Нечаевец Успенский показал на суде, что С. Г. Нечаев представился подпольщикам как «ревизор от Женевского комитета»; это появилось в газетах 4 июля 1871 года, а Достоевский уже в 1870 году планировал «хлестаковское появление» Нечаева. Мотив самозванства в «Бесах» (Верховенский — ревизор, Ставрогин — Отрепьев) одновременно исходит от самой действительности, от подложных мандатов Нечаева, и от литературы, от «Бориса Годунова» и «Ревизора». Петр Степанович не только сам самозванец, «ревизор» от высшей полиции или от заграничного революционного центра, но и на заседаниях кружка он всегда сажает молчаливого человека с блокнотом в амплуа ревизора, а из Ставрогина хочет сделать Ивана-царевича, самозванца в русском стиле.

Настойчивым повторением этого мотива Достоевский внушает нам мысль о том, что нечаевщина — это кровавая хлестаковщина.

В кругу «наших» Петр Степанович принимает позы денди. Но это дендизм особый — дендизм наизнанку. На заседании он просит рюмку коньяку и ножницы, затем начинает остригать свои длинные и нечистые ногти.

«Арина Прохоровна вспыхнула, но девице Виргинской как бы что-то понравилось» (X, 311). Мы бы сказали: что-то вспомнилось. «Арина Прохоровна поняла, что это реальный прием, и устыдилась своей обидчивости. Собрание переглядывалось молча. Хромой учитель злобно и завистливо наблюдал Верховенского» (X, 311). Остригая ногти в ходе дебатов, Петр Степанович наглядно цитирует классического русского денди — Онегина.

Быть можно дельным человеком И думать о красе ногтей…

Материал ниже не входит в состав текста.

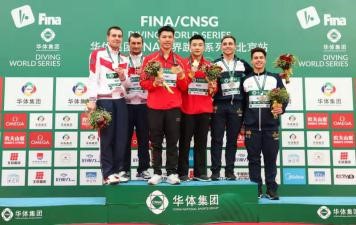 陳艾森(左三)曹緣(右三)男子雙人10米臺冠軍

«Реальным приемом» у Достоевского названо наглядное цитирование, вроде живых картин или салонной игры в шарады без слов.

Корча из себя денди, Петр Степанович произносит слово «эстетика» как бранное: «…все эти книги, Фурье, Кабеты, все эти „права на работу“, шигалевщина — все это вроде романов, которых можно написать сто тысяч. Эстетическое препровождение времени» (X, 313). Желая уязвить своего оппонента, он ехидничает: «А вы человек эстетический, бывший учитель словесности…» (X, 315). Эстетике он противопоставляет свою «деловую» позицию: «Ну, да я не для рассуждений приехал» (X, 314).

Он намеренно недоговаривает, искусно нагнетает напряжение, а затем выстреливает свой театральный эффект:

«— Как так, вы разве пошли бы в пятерку, если б я вам предложил? -брякнул вдруг Верховенский и положил ножницы на стол.

86

Все как бы вздрогнули. Загадочный человек слишком вдруг раскрылся» (X, 315).

Загадочный человек, денди и насмешник над эстетикой — вот его поза. Но главная черта мифа, который он сам о себе создает и навязывает окружающим, — это тайное всемогущество.

Когда в испуганной преступлениями пятерке загорается недовольство, Петр Степанович является укрощать. Сперва он заявляет: «Что за вздор! Убийство — дело случая, сделано Федькой для грабежа». Но затем он показывает анонимный донос, полученный губернатором, и все узнают почерк Лебядкина. «…Таким образом, господа, какой-нибудь Федька совершенно случайно избавляет нас от опасного человека. Вот что иногда значит случай! Не правда ли, поучительно?» (X, 417). Этот тщательно подготовленный и с простодушным видом исполненный эффект производит сильное впечатление на пятерку.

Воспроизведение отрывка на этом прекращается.